Government-owned Malaysian company

MyHSR Corporation Sdn Bhd (MyHSR Corp) is a Malaysian company fully owned by the Ministry of Finance of Malaysia. It was set up to be the developer and asset owner of the terminated Kuala Lumpur–Singapore High Speed Rail project (HSR) at Malaysian side, under the government's move to improve connectivity between the two countries, as currently traffic congestion is acute and far exceeds the capacity of the Causeway at Johor Bahru, with the current infrastructure provisions.

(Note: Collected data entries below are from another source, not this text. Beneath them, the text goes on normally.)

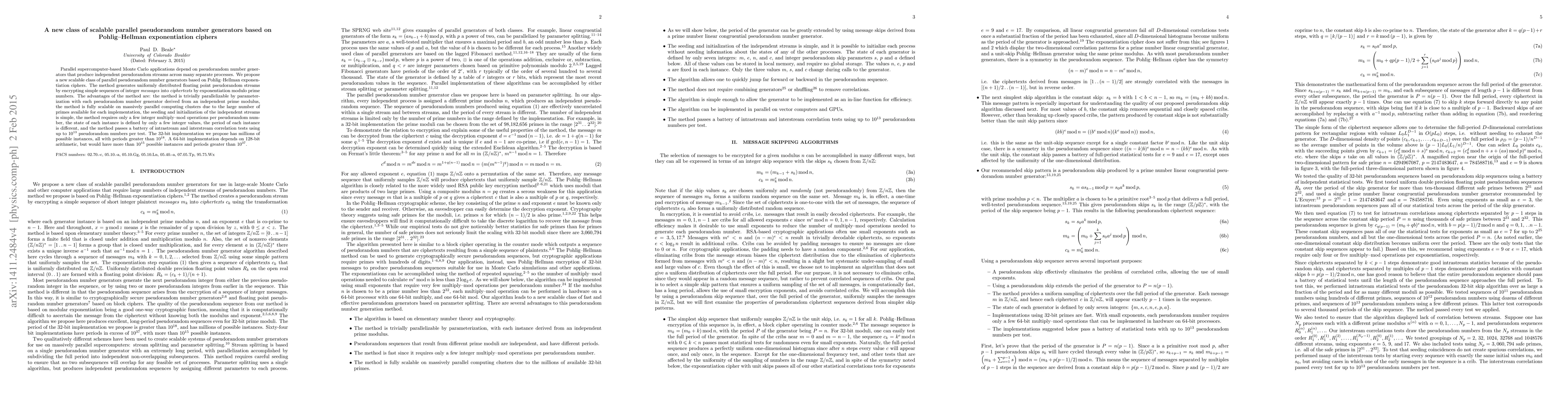 This paper introduces a scalable parallel pseudorandom number generator based on Pohlig-Hellman exponentiation ciphers, which efficiently produces independent pseudorandom streams for supercomputer applications. The method is parallelizable, scalable, and passes extensive correlation tests with high periods and minimal computational operations.
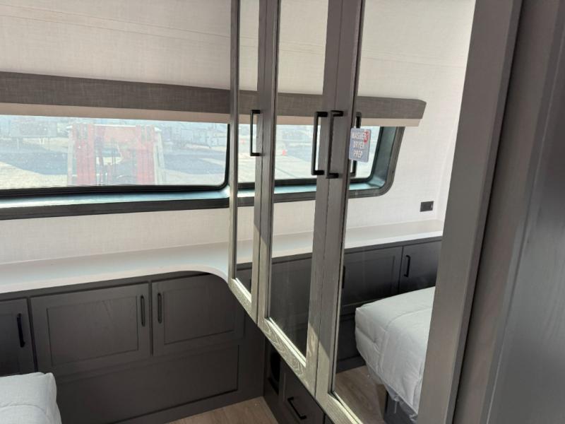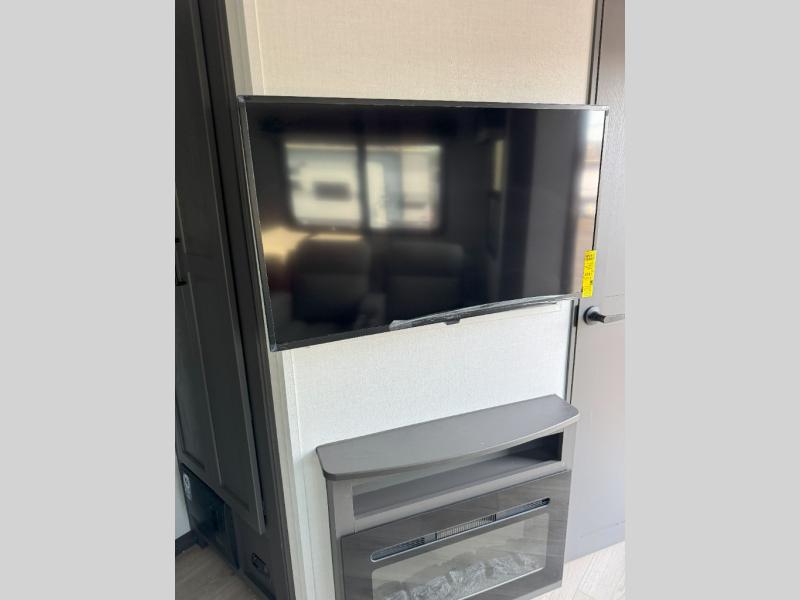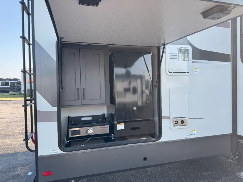 Family vacations and weekend excursions with friends just got sweeter with this travel trailer in tow. The rear private bunkhouse includes a slide out for more space, two bunks, a pull-out sofa, and a wardrobe for clothes. Head to the main living area to relax on the hide-a-bed sofa by the fireplace, or prepare lunch at the kitchen island. If the weather is nice, you may just want to go outdoors to cook on the outside kitchen. There are two power awnings here, and Solid Step entry steps for a sturdy entrance into the trailer. When it's time to call it a night, head to the front master bedroom to enjoy your queen bed slide out, large wardrobe, plus a large front counter with cabinets for more storage. There is even a second wardrobe with washer and dryer prep if you choose to add those appliances!
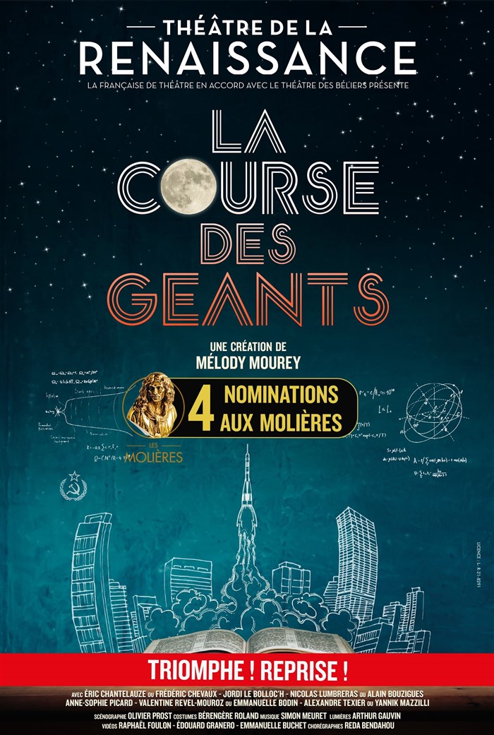 Après 4 nominations aux Molières, plus de 200 dates à Paris et une tournée en France, La Course des Géants s'installe au Théâtre de la Renaissance pour tout l'été.
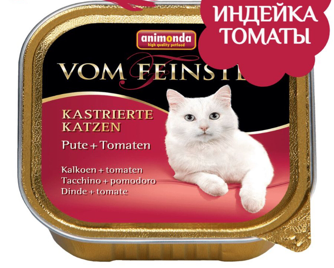 Купить Влажный корм для кошек Animonda Vom Feinsten, с индейкой и помидорами Mildes 32шт.×100 г (паштет) с доставкой по всей России. Влажный корм для кошек Animonda Vom Feinsten, с индейкой и помидорами Mildes 32шт.×100 г (паштет): сравнение цен, характеристики, фото, актуальное наличие и цены.
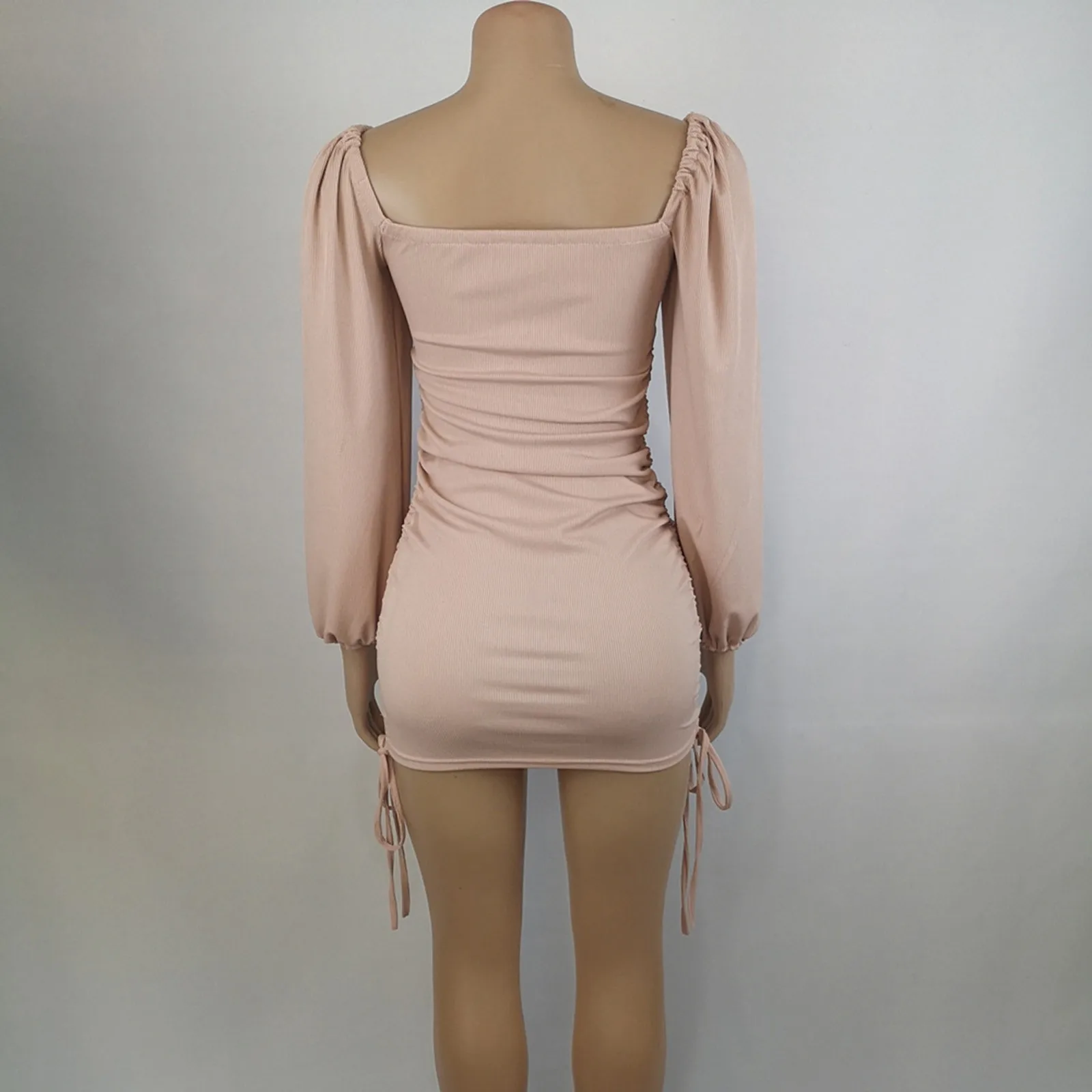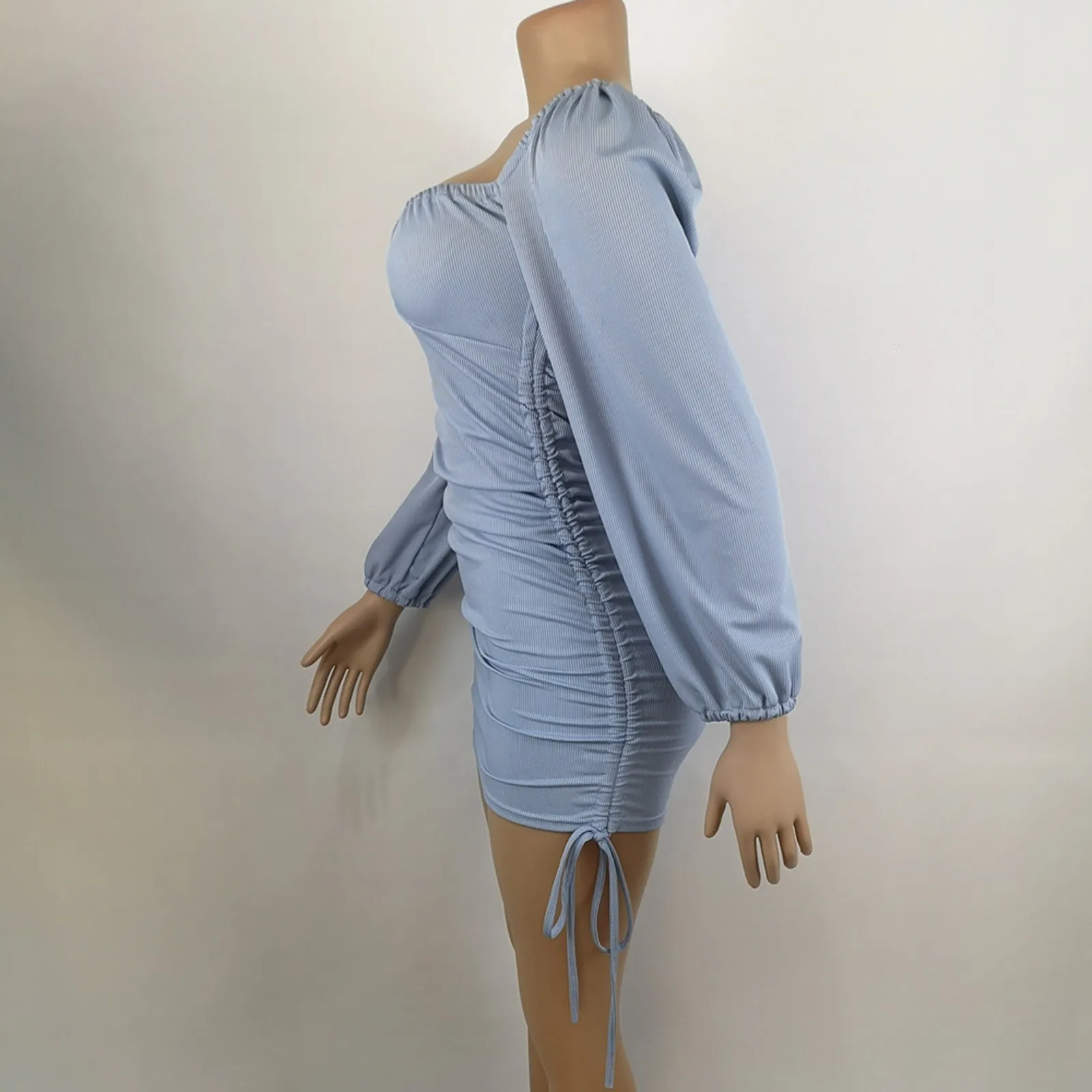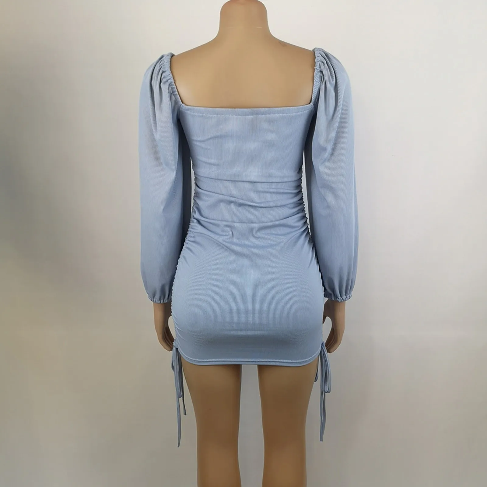 Особенности:Застежка на шнурке,Пышное Платье с длинными рукавами, низким квадратным вырезом, выше колена, со сборками по бокам, короткое платье с высокой талией, клубное мини-платье с рюшами спереди
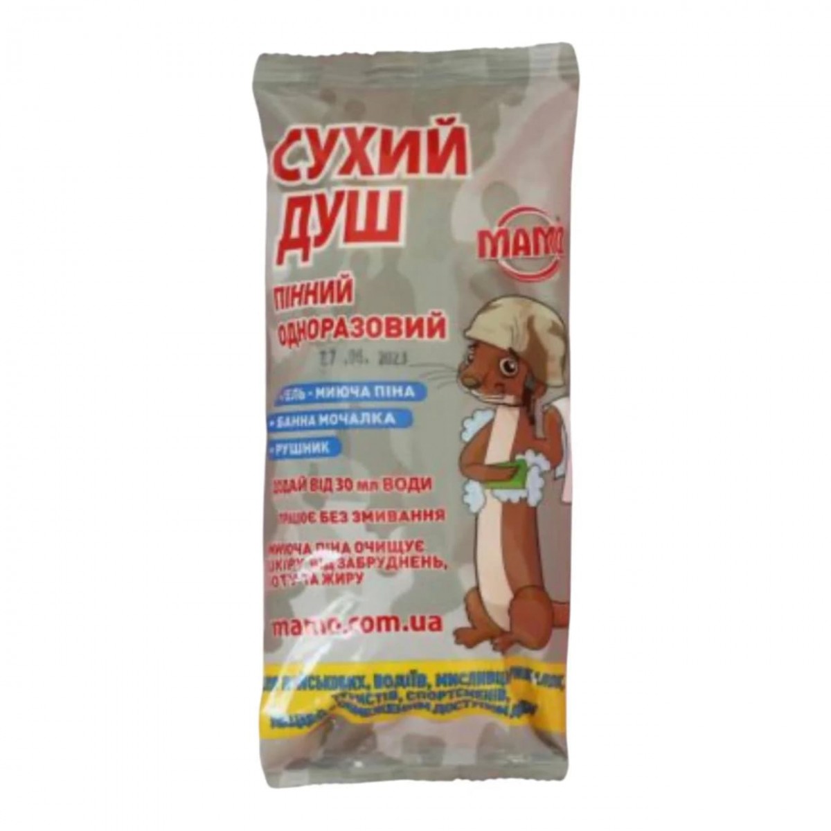 Сухой пенный душ одноразовый МАМО – 2 больших полотенца из спанлейса 40×50 см + пенный спонж из Испании с 4 г дерматогеля

The primary objective for the construction of the HSR is to reduce the travel time between Kuala Lumpur and Singapore to 90 minutes by strengthening the link between two of Southeast Asia's most vibrant and fast-growing economic engines. In addition, the HSR presented an opportunity to open up and rejuvenate smaller cities in Peninsular Malaysia by connecting them to the two major metropolises.

==HSR projects==
- Kuala Lumpur–Singapore High Speed Rail

==Chronology==
- 9 April 2015 - MoF seeks RM10m for wholly owned unit MyHSR Corp.
- 13 April 2015 - RM38.4b high-speed rail project approved.
- 18 April 2015 - Cost-sharing likely for HSR.
- 20 April 2015 - MyHSR Corp to oversee high-speed project.
- 24 April 2015 - Malaysia approves US$10.6 billion high-speed rail project and the establishment of MyHSR Corp.